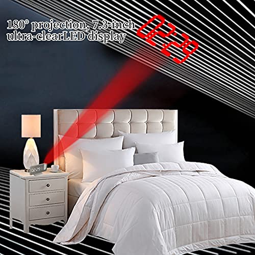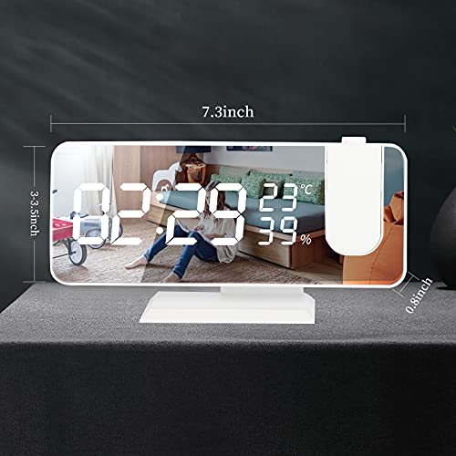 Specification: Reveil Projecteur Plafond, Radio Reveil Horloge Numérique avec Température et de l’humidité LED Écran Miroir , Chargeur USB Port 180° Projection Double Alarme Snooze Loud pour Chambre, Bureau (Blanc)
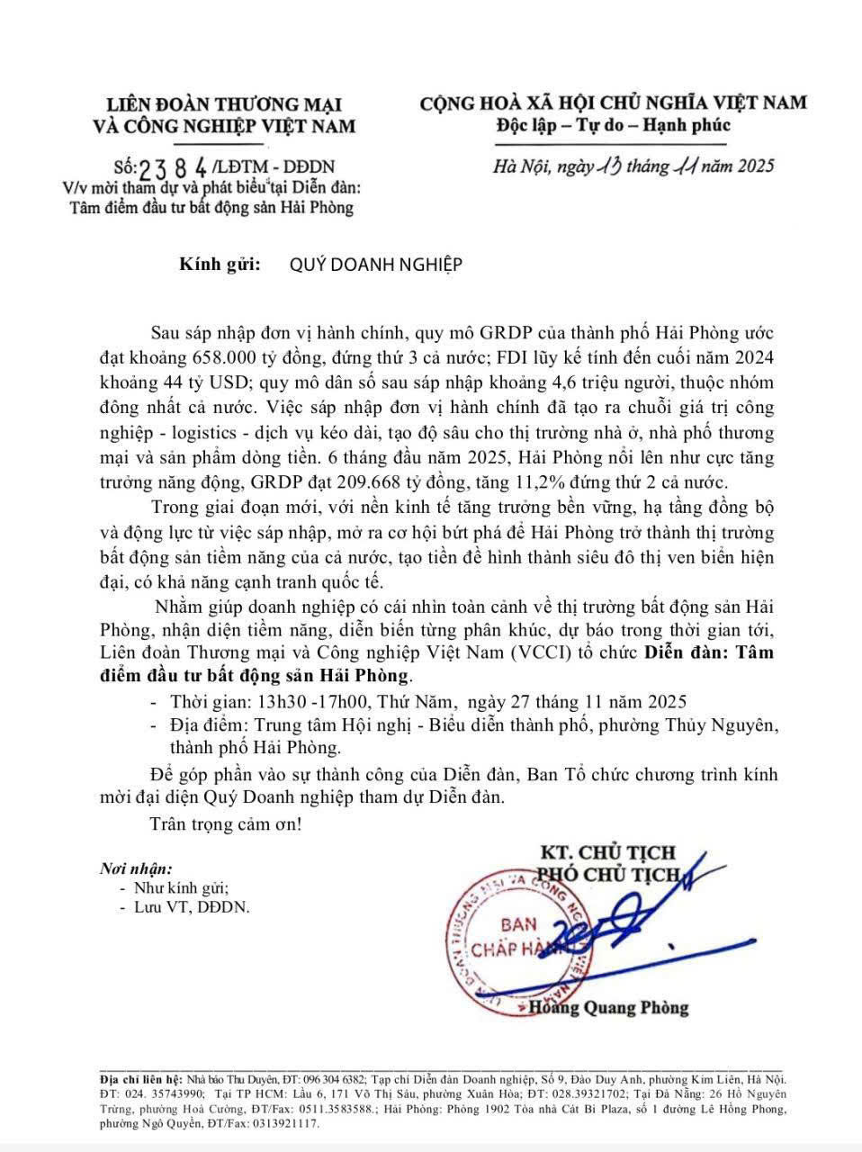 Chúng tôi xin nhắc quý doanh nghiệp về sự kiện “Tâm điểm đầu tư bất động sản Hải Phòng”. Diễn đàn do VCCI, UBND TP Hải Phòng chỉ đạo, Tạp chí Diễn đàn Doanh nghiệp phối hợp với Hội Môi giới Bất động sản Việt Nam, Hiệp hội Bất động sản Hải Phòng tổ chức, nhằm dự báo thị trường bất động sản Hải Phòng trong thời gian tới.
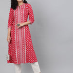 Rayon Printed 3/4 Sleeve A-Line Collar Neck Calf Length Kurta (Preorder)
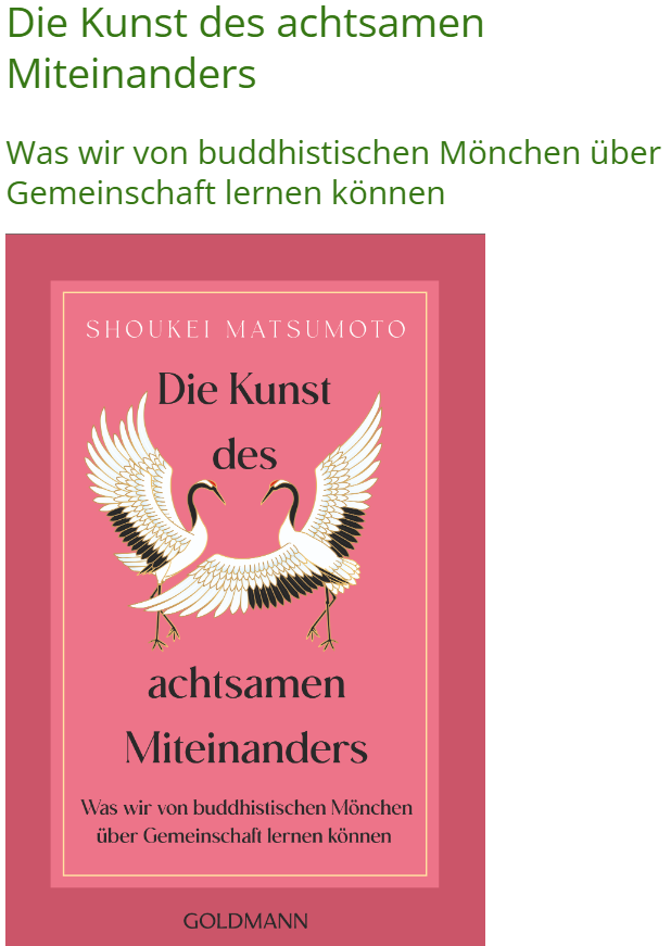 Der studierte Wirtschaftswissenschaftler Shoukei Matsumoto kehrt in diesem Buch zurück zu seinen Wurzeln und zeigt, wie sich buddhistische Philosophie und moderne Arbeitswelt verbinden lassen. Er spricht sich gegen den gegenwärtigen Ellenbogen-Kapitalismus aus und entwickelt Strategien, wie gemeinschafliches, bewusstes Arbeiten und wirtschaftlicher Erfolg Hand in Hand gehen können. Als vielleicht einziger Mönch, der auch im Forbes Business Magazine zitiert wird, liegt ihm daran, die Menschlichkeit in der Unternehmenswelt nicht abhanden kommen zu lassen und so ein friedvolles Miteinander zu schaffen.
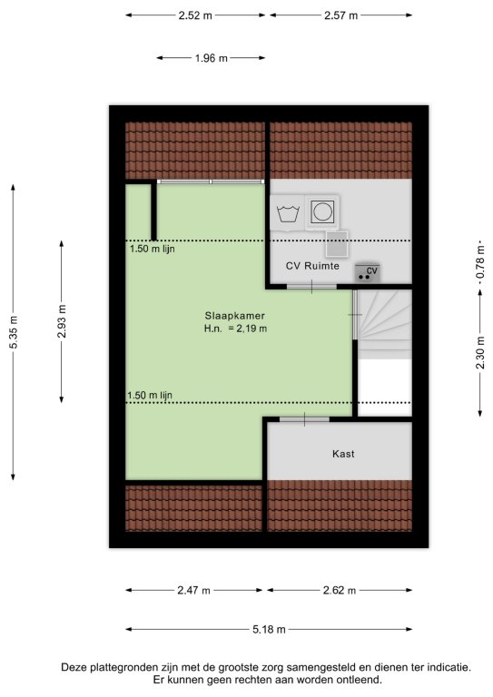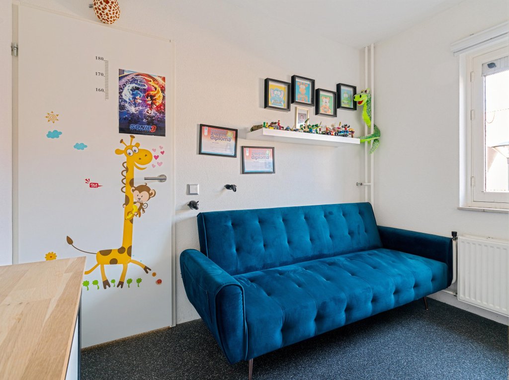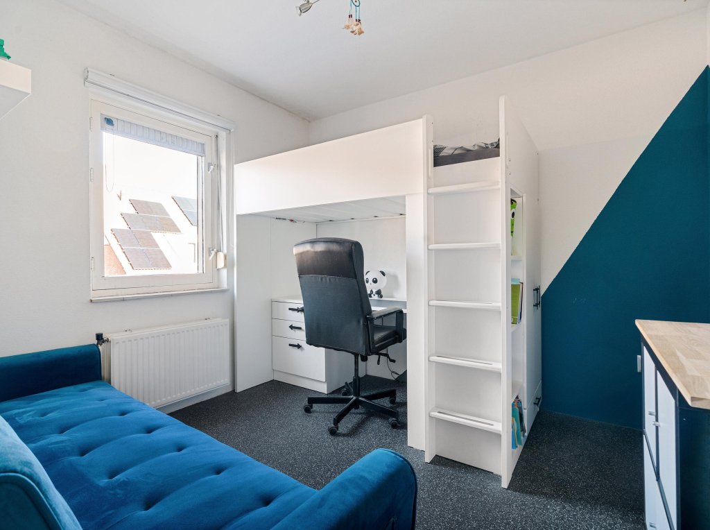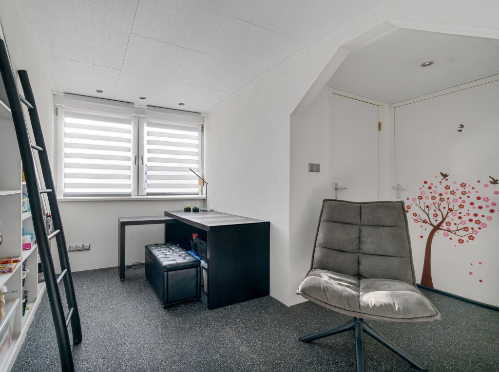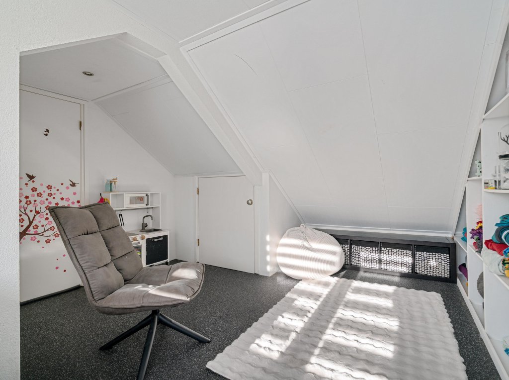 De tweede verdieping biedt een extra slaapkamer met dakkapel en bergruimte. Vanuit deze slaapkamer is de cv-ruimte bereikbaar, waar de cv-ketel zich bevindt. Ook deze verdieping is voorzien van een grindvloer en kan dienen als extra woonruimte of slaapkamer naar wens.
++++++++++
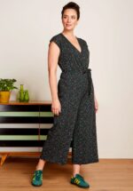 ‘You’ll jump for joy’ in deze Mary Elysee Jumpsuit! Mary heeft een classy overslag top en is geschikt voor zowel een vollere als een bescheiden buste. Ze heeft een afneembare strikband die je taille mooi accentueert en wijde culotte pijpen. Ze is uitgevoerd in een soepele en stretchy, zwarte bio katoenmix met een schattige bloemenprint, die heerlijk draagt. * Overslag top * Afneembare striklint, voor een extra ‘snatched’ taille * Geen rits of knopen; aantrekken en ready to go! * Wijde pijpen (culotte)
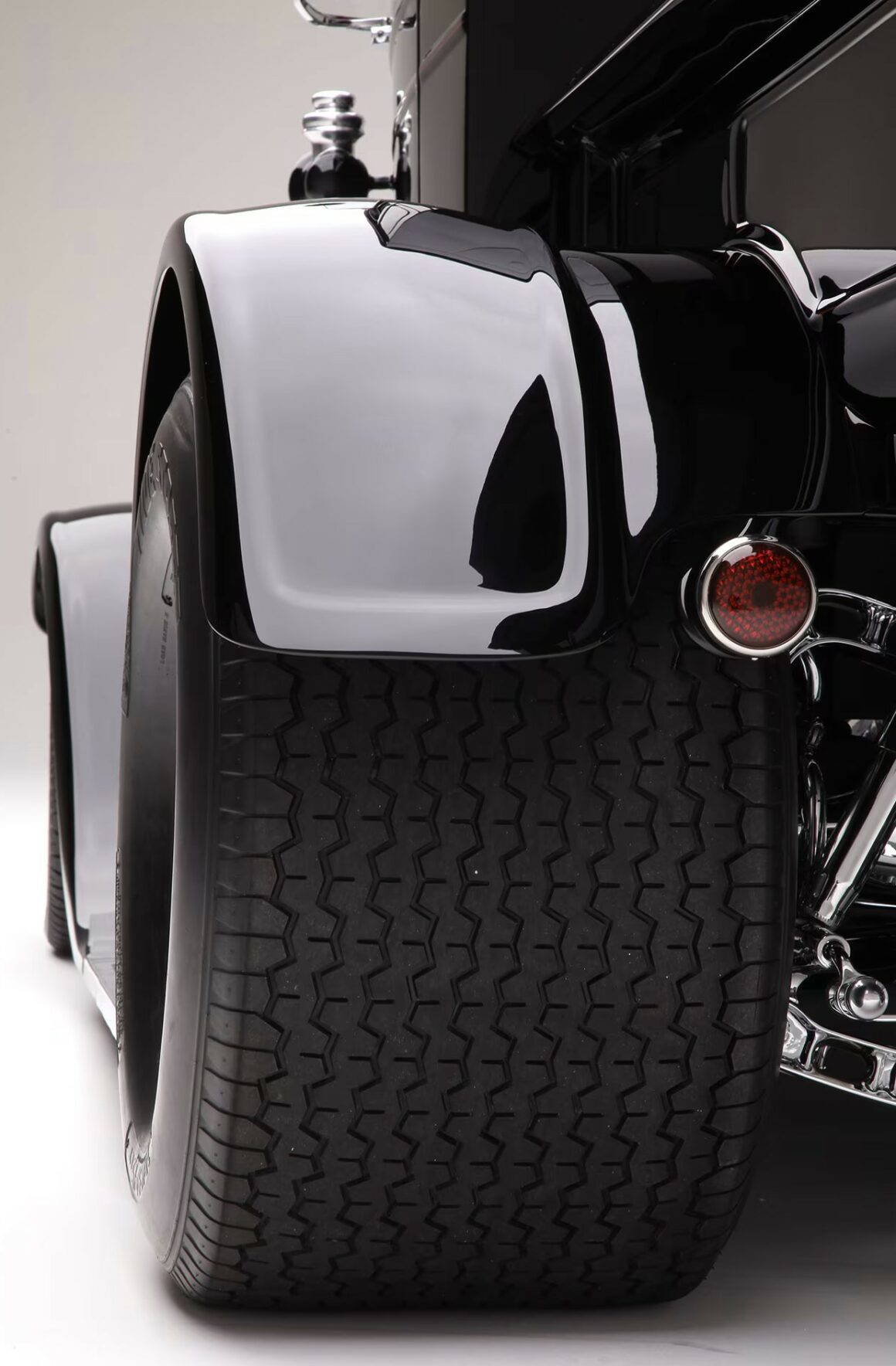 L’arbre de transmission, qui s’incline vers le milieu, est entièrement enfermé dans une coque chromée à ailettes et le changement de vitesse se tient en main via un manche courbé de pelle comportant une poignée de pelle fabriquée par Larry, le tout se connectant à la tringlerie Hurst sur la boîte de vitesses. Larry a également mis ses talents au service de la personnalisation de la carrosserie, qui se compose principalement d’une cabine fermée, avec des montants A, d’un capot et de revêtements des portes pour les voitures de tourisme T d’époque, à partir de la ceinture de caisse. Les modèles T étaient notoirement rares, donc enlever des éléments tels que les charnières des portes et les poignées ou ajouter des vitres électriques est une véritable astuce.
++++++++++
> Task brief
In the listing above, find the line with "Der studierte Wirtschaftswissenschaftler" and the line with "De tweede verdieping". Transcribe those two and everything between, exactly, leaving out pictures.

> Output for this task
 Der studierte Wirtschaftswissenschaftler Shoukei Matsumoto kehrt in diesem Buch zurück zu seinen Wurzeln und zeigt, wie sich buddhistische Philosophie und moderne Arbeitswelt verbinden lassen. Er spricht sich gegen den gegenwärtigen Ellenbogen-Kapitalismus aus und entwickelt Strategien, wie gemeinschafliches, bewusstes Arbeiten und wirtschaftlicher Erfolg Hand in Hand gehen können. Als vielleicht einziger Mönch, der auch im Forbes Business Magazine zitiert wird, liegt ihm daran, die Menschlichkeit in der Unternehmenswelt nicht abhanden kommen zu lassen und so ein friedvolles Miteinander zu schaffen.
 De tweede verdieping biedt een extra slaapkamer met dakkapel en bergruimte. Vanuit deze slaapkamer is de cv-ruimte bereikbaar, waar de cv-ketel zich bevindt. Ook deze verdieping is voorzien van een grindvloer en kan dienen als extra woonruimte of slaapkamer naar wens.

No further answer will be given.